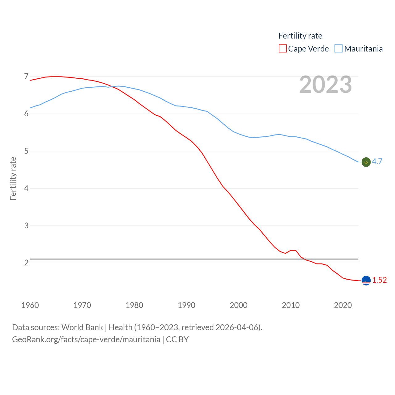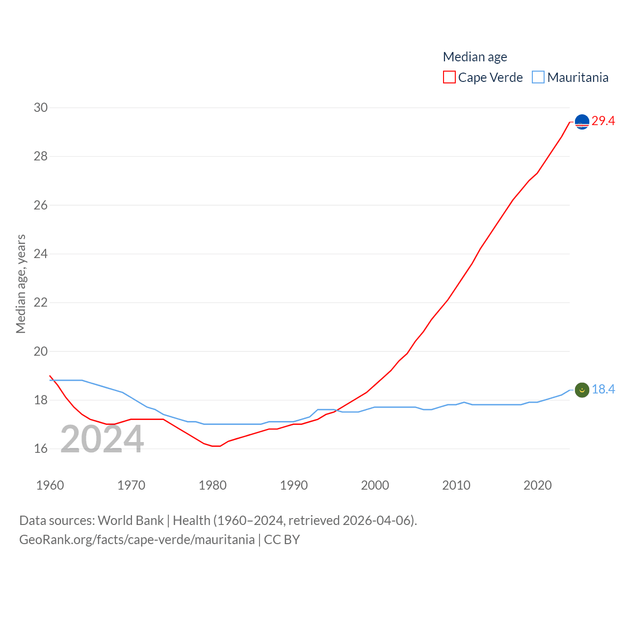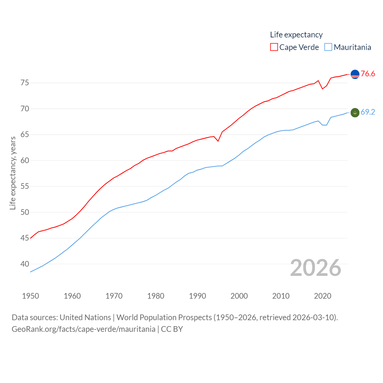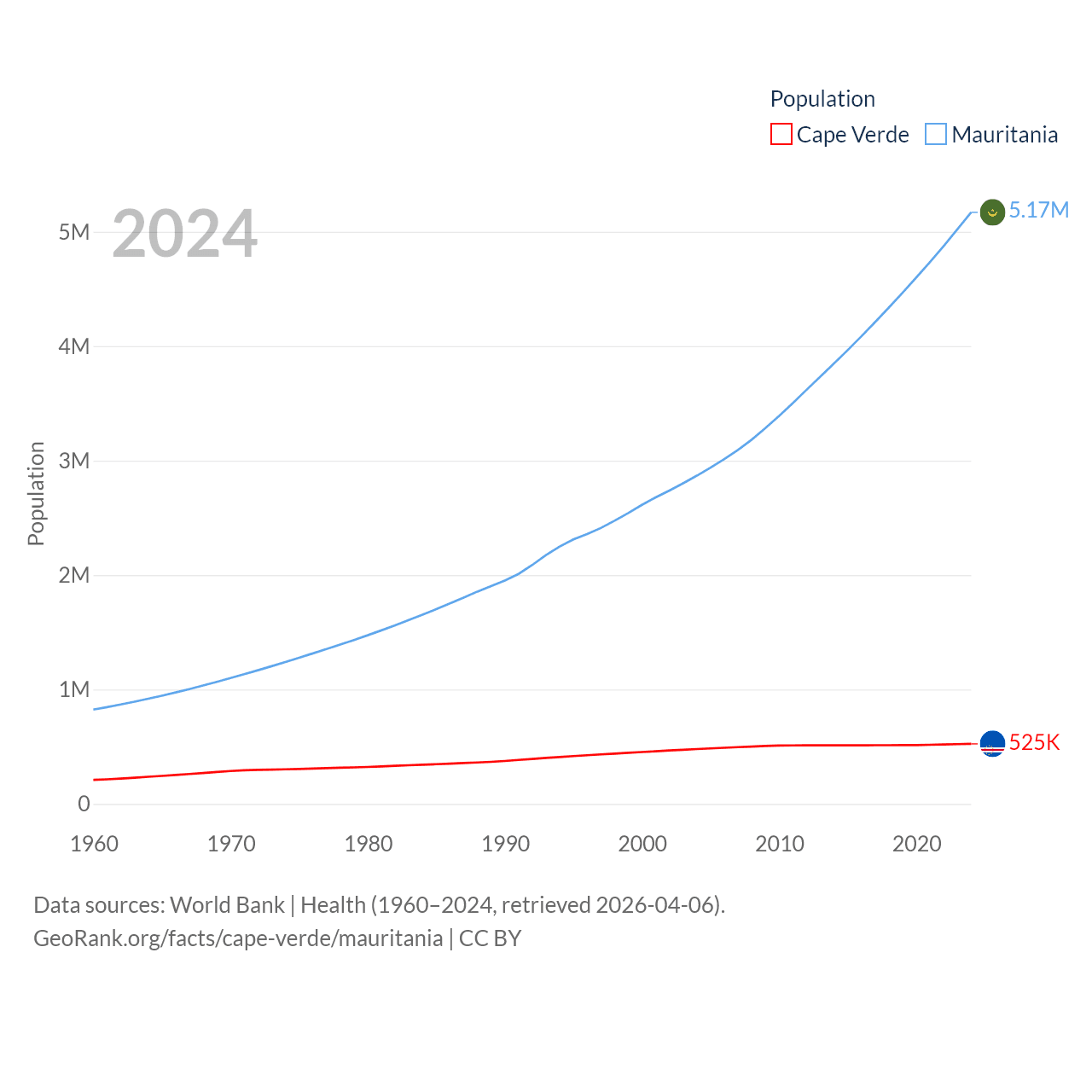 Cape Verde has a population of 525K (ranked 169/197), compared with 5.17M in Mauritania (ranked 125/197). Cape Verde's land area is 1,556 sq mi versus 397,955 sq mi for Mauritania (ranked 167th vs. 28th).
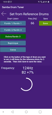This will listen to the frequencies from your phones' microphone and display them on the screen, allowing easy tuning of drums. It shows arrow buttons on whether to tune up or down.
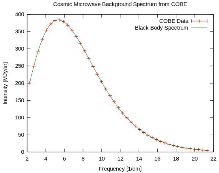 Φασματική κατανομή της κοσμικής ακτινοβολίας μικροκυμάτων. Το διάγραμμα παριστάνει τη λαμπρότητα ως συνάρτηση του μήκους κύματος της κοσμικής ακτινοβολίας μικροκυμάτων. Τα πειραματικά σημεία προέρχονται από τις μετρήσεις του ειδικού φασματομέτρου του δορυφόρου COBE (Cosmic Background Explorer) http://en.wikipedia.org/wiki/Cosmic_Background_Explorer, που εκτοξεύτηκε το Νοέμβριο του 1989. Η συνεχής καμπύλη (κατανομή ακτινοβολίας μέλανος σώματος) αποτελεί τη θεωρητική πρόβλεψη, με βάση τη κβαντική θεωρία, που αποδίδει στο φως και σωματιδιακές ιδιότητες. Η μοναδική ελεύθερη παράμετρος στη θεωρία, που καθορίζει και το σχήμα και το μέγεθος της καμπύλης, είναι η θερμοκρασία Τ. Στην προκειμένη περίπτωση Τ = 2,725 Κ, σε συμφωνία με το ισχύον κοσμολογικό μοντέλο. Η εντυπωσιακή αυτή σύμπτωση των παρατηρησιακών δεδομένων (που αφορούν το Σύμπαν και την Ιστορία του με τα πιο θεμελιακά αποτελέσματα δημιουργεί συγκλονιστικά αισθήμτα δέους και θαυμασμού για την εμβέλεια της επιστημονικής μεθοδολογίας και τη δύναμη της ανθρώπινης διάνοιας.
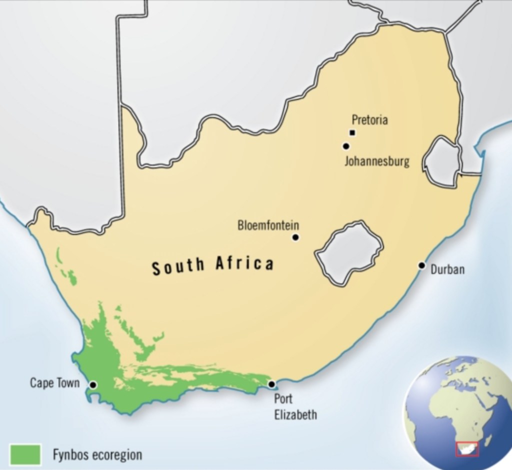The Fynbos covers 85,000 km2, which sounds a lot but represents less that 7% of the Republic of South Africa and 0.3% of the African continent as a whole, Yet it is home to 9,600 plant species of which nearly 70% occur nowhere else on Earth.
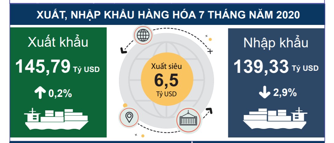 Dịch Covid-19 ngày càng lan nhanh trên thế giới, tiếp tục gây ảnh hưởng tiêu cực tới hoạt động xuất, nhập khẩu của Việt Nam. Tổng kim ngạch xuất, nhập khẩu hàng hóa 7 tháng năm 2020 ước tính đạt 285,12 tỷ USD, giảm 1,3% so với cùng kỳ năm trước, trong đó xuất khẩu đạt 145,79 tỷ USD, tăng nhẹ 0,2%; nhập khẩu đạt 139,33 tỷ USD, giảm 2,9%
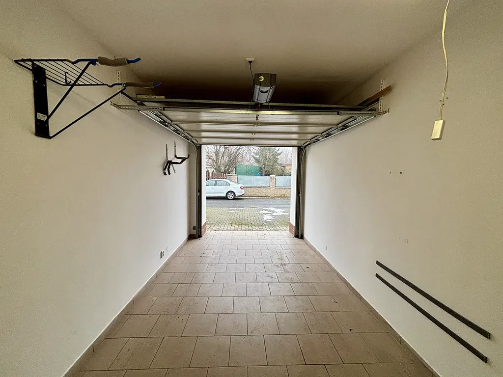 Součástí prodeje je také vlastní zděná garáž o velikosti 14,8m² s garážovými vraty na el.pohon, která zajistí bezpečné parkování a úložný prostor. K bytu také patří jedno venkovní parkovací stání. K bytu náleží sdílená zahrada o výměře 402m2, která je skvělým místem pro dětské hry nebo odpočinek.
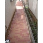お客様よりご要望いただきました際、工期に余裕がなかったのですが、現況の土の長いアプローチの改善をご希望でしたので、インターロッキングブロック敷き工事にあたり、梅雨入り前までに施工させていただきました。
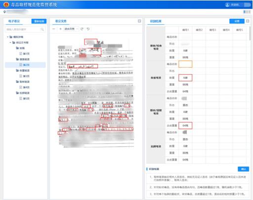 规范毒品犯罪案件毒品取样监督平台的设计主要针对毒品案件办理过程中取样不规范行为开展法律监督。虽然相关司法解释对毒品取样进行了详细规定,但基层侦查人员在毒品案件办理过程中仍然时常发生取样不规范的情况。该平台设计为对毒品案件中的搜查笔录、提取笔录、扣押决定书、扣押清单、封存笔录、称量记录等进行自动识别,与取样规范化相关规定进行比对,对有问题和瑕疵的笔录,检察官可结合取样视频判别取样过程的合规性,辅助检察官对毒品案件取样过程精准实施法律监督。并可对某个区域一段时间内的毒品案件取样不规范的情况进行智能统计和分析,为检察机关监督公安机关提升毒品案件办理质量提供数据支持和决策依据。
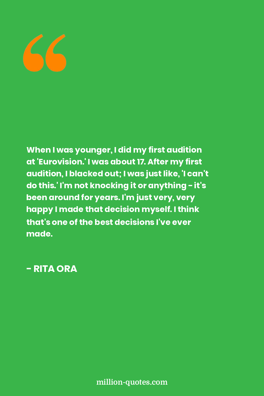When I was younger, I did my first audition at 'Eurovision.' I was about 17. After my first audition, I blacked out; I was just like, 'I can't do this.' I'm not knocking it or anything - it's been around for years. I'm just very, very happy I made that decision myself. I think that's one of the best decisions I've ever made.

- [ACTION ITEM]: The whole listing is to be duplicated verbatim, apart from its images.

- [REPLY]:
 Cape Verde has a population of 525K (ranked 169/197), compared with 5.17M in Mauritania (ranked 125/197). Cape Verde's land area is 1,556 sq mi versus 397,955 sq mi for Mauritania (ranked 167th vs. 28th).
This will listen to the frequencies from your phones' microphone and display them on the screen, allowing easy tuning of drums. It shows arrow buttons on whether to tune up or down.
 Φασματική κατανομή της κοσμικής ακτινοβολίας μικροκυμάτων. Το διάγραμμα παριστάνει τη λαμπρότητα ως συνάρτηση του μήκους κύματος της κοσμικής ακτινοβολίας μικροκυμάτων. Τα πειραματικά σημεία προέρχονται από τις μετρήσεις του ειδικού φασματομέτρου του δορυφόρου COBE (Cosmic Background Explorer) http://en.wikipedia.org/wiki/Cosmic_Background_Explorer, που εκτοξεύτηκε το Νοέμβριο του 1989. Η συνεχής καμπύλη (κατανομή ακτινοβολίας μέλανος σώματος) αποτελεί τη θεωρητική πρόβλεψη, με βάση τη κβαντική θεωρία, που αποδίδει στο φως και σωματιδιακές ιδιότητες. Η μοναδική ελεύθερη παράμετρος στη θεωρία, που καθορίζει και το σχήμα και το μέγεθος της καμπύλης, είναι η θερμοκρασία Τ. Στην προκειμένη περίπτωση Τ = 2,725 Κ, σε συμφωνία με το ισχύον κοσμολογικό μοντέλο. Η εντυπωσιακή αυτή σύμπτωση των παρατηρησιακών δεδομένων (που αφορούν το Σύμπαν και την Ιστορία του με τα πιο θεμελιακά αποτελέσματα δημιουργεί συγκλονιστικά αισθήμτα δέους και θαυμασμού για την εμβέλεια της επιστημονικής μεθοδολογίας και τη δύναμη της ανθρώπινης διάνοιας.
The Fynbos covers 85,000 km2, which sounds a lot but represents less that 7% of the Republic of South Africa and 0.3% of the African continent as a whole, Yet it is home to 9,600 plant species of which nearly 70% occur nowhere else on Earth.
 Dịch Covid-19 ngày càng lan nhanh trên thế giới, tiếp tục gây ảnh hưởng tiêu cực tới hoạt động xuất, nhập khẩu của Việt Nam. Tổng kim ngạch xuất, nhập khẩu hàng hóa 7 tháng năm 2020 ước tính đạt 285,12 tỷ USD, giảm 1,3% so với cùng kỳ năm trước, trong đó xuất khẩu đạt 145,79 tỷ USD, tăng nhẹ 0,2%; nhập khẩu đạt 139,33 tỷ USD, giảm 2,9%
 Součástí prodeje je také vlastní zděná garáž o velikosti 14,8m² s garážovými vraty na el.pohon, která zajistí bezpečné parkování a úložný prostor. K bytu také patří jedno venkovní parkovací stání. K bytu náleží sdílená zahrada o výměře 402m2, která je skvělým místem pro dětské hry nebo odpočinek.
お客様よりご要望いただきました際、工期に余裕がなかったのですが、現況の土の長いアプローチの改善をご希望でしたので、インターロッキングブロック敷き工事にあたり、梅雨入り前までに施工させていただきました。
 规范毒品犯罪案件毒品取样监督平台的设计主要针对毒品案件办理过程中取样不规范行为开展法律监督。虽然相关司法解释对毒品取样进行了详细规定,但基层侦查人员在毒品案件办理过程中仍然时常发生取样不规范的情况。该平台设计为对毒品案件中的搜查笔录、提取笔录、扣押决定书、扣押清单、封存笔录、称量记录等进行自动识别,与取样规范化相关规定进行比对,对有问题和瑕疵的笔录,检察官可结合取样视频判别取样过程的合规性,辅助检察官对毒品案件取样过程精准实施法律监督。并可对某个区域一段时间内的毒品案件取样不规范的情况进行智能统计和分析,为检察机关监督公安机关提升毒品案件办理质量提供数据支持和决策依据。
When I was younger, I did my first audition at 'Eurovision.' I was about 17. After my first audition, I blacked out; I was just like, 'I can't do this.' I'm not knocking it or anything - it's been around for years. I'm just very, very happy I made that decision myself. I think that's one of the best decisions I've ever made.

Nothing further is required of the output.